CS-194-AFP's Project 4

Part 1: Image Classification

I used code largely adapted from the tutorials linked in the spec to create a CNN with 2 convolution layers and 2 fully connected layers for the classification task, trained using Cross-Entropy Loss. My first convolution layer used a kernel size of 5 and had 128 output channels. My second convolution layer used a kernel of size 5 and had 512 output channels. After lots of experimentation, I found that using LeakyReLU nonlinearities and an Adam optimizer with learning rate 0.003 and L2 regularization term of 0.00008 worked best for my network. Each convolution layer was followed by a LeakyReLU and a 2x2 Maxpool. I used an 80-20 train/validation split, and after training on all 50,000 training images for 14 epochs with batchsize 32, I got an overall test and validation accuracy of 89.45%. Below are my per class accuracies:

Class 0 (t-shirt): 89.1%
Class 1 (trousers): 97.9%
Class 2 (pullover): 87.0%
Class 3 (dress): 94.1%
Class 4 (coat): 75.0%
Class 5 (sandal): 98.7%
Class 6 (shirt): 63.2%
Class 7 (sneaker): 95.7%
Class 8 (bag): 97.6%
Class 9 (ankle boot): 96.2%

The accuracies above clearly show that the shirt and coat classes were hardest to correctly classify (lots of false negatives that were instead classified as t-shirt, coat, etc...).

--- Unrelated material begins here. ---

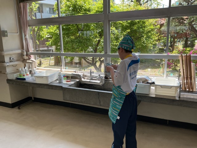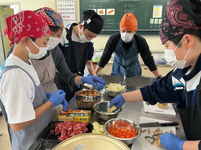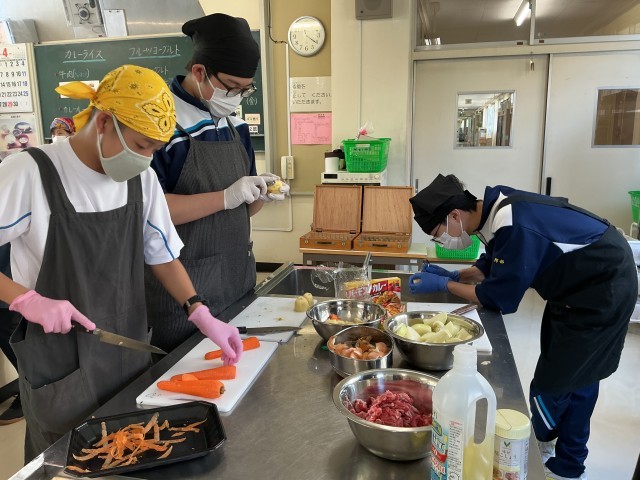 なれない包丁で人参を切ったり、じゃがいもの皮むきをしています。

In order are my plots of training and validation loss during training, training and validation accuracy during training, examples of successfully and unsuccessfully classified images of each class, and visualizations of the filters from the first convolution layer.

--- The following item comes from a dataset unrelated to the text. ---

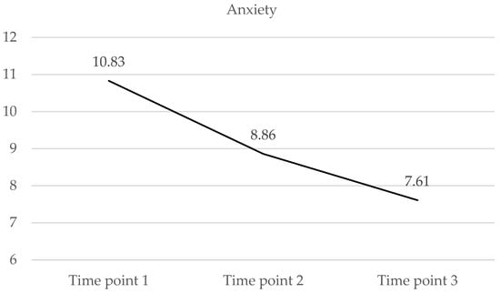 The sample presented the highest mean score for the anxiety scale (10.82; SD = 5.86) at the first time point, and for the score compatible with severe anxiety symptoms, a downward trajectory was found at the following data collection points (Table 3 and Figure 1). At the third time point (T3), HCWs presented a mean score of 7.61 (SD = 5.13), compatible with moderate anxiety symptoms. Statistically significant differences were observed between the three time points. Table 4 shows the evolution over time of anxiety levels. Moderate and severe anxiety were more prevalent at T1, whilst mild and moderate anxiety were more frequent at T3. Thus, at T1, the total number of HCWs with symptoms compatible with moderate and severe anxiety was 148 (57.6%) and with minimal and mild anxiety was 109 (42.4%), while these values appeared inverted at T3, reaching 32.7% and 67.3%, respectively.

Training and Validation Loss:

Training and Validation Accuracy:

Successes and Failures:

Filter Visualizations

Part 2: Semantic Segmentation

This part involved semantcally segmenting images of buildings to find which pixels depicted "other", facades, pillars, windows, and balconies. I used the provided code to set up my dataloaders, calculate AP scores, and get results. To actually create my model, I used U-Net (a famous segmentation model you can read about here) as an inspiration. I first pass my data through a convolution layer with 64 output channels and a LeakyReLU nonlinearity. I save this result as "skip connection 1," then use 2x2 Maxpool to spatially shrink my image before passing it through another convolution layer (with 256 output channels) and another LeakyReLU. I save this result as skip connection 2 before using another 2x2 Maxpool to spatially shrink the data. Then I pass it through another convolution layer and LeakyReLU with 256 output channels. I then spatially upsample this result (with a scale factor of 2), concatenate (stack along the channels dimension) skip connection 2, and pass this result through a fourth convolution layer and LeakyReLU with 64 output channels. I then re-spatially upsample this data to get back to the original resolution, and concatenate (stack along the channels dimension) skip connection 1. I pass this through a fifth convolution layer and LeakyReLU with 32 output channels. Finally I pass this through a sixth convolution layer with 5 output channels (1 per class). All convolutions has enough padding to ensure outputs have the same resolution as the input. I calll this arcitecture SmolUNet, and use Cross-Entropy Loss and an Adam optimizer (with learning rate 0.00003 and L2 regularization parameter 0.000001). I used an 85-15 split on the training data to get by train and validation loaders. I trained for 100 epochs to get an average AP score of 52.32. My per-class AP Scores are:

Class 0 (other): 63.44
Class 1 (facade): 70.37
Class 2 (pillar): 8.37
Class 3 (window): 80.30
Class 4 (balcony): 39.11

From these results it's clear the model is not good at segmenting pillars, but is good at segmenting windows. This can be clearly seen in the examples below, where there are lots of false positives for pillars, but the windows look good.